Ask for a single confirmation to proceed. **Do not** paste raw JSON, full evidence, or the full `plan.json`. If declined, mark execute-required checks as `NOT_RUN`.
### Required Files
- `.codex-readiness-unit-test/<timestamp>/evidence.json` (from `collect_evidence.py`)
- `.codex-readiness-unit-test/<timestamp>/deterministic_results.json` (from `deterministic_rules.py`)
- `.codex-readiness-unit-test/<timestamp>/llm_results.json` (from in-session references)
- `.codex-readiness-unit-test/<timestamp>/execution_summary.json` (execute mode only)
- `.codex-readiness-unit-test/<timestamp>/report.json` and `.codex-readiness-unit-test/<timestamp>/report.html` (from `scoring.py`)
- `.codex-readiness-unit-test/<timestamp>/summary.json` (structured pass/fail summary from `scoring.py`)
- `.codex-readiness-unit-test/latest.json` (stable pointer to the latest run directory)
### Prompt Mapping
- #3 `project_context_specified` → `skills/codex-readiness-unit-test/references/project_context.md`
- #4 `build_test_commands_exist` → `skills/codex-readiness-unit-test/references/commands.md`
- #5 `dev_build_test_loops_documented` → `skills/codex-readiness-unit-test/references/loop_quality.md`
- #6 `dev_build_test_loop_execution` → `skills/codex-readiness-unit-test/references/execution_explanation.md`
### plan.json schema (execute mode)
```json
{
"project_dir": "relative/or/absolute/path (optional)",
"cwd": "optional/absolute/path (defaults to current directory)",
"commands": [
{"label": "setup", "cmd": "npm install"},
{"label": "build", "cmd": "npm run build"},
{"label": "test", "cmd": "npm test"}
],
"env": {
"EXAMPLE": "value"
}
}
```
Place `plan.json` inside the run directory (e.g., `.codex-readiness-unit-test/<timestamp>/plan.json`).
### llm_results.json schema
```json
{
"project_context_specified": {"status":"PASS","rationale":"...","evidence_quotes":[],"recommendations":[],"confidence":0.7},
"build_test_commands_exist": {"status":"PASS","rationale":"...","evidence_quotes":[],"recommendations":[],"confidence":0.7},
"dev_build_test_loops_documented": {"status":"WARN","rationale":"...","evidence_quotes":[],"recommendations":[],"confidence":0.6},
"dev_build_test_loop_execution": {"status":"PASS","rationale":"...","evidence_quotes":[],"recommendations":[],"confidence":0.6}
}
```
### Scoring Rules
- PASS = 100% of weight
- WARN = 50% of weight
- FAIL/NOT_RUN = 0%
- Overall status: FAIL if any FAIL; else WARN if any WARN or NOT_RUN; else PASS.
### Safety + Timeouts
- Denylisted commands are **not executed** and marked FAIL.
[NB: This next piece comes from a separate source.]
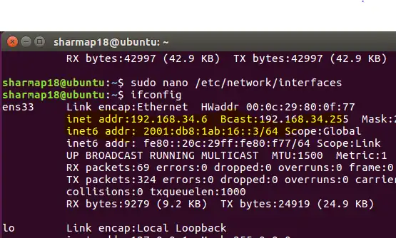 2.Rebooting the network interfaces to check if the IP address are assigned to the virtual machine: sudo /etc/init.d/networking restart

- Soft timeout defaults to 600s; hard cap defaults to 3x soft timeout.
- Execution logs are written to `.codex-readiness-unit-test/<timestamp>/logs/`.
This skill runs the Codex Readiness unit test report to evaluate AGENTS.md and PLANS.md quality with deterministic checks and in-session LLM evaluations. It produces a reproducible evidence bundle and a JSON + HTML scorecard under .codex-readiness-unit-test/<timestamp> without any external API calls. Use it to certify project readiness for agent-driven workflows and to collect actionable remediation steps.
The workflow collects filesystem evidence, runs deterministic rules, and performs in-session LLM checks using local reference prompts. All outputs are written to a timestamped run directory and a latest pointer; execute mode can optionally run a confirmed plan to produce execution logs. LLM checks enforce strict JSON output with up to three attempts and clear fallback behavior when outputs are invalid.
Which mode should I choose, read-only or execute?
Start with read-only to collect evidence and run deterministic and LLM checks without running commands. Choose execute only after you review the planned commands and confirm the single combined confirmation step.
Does this require an API key or external network access?
No. All checks and LLM evaluations run in-session with local references; the skill performs no external HTTP calls and needs no API keys.
What happens if the in-session LLM returns invalid JSON?
The check retries up to two additional times using the provided json_fix reference. If it still fails, the check is marked WARN with a rationale stating invalid JSON after retries.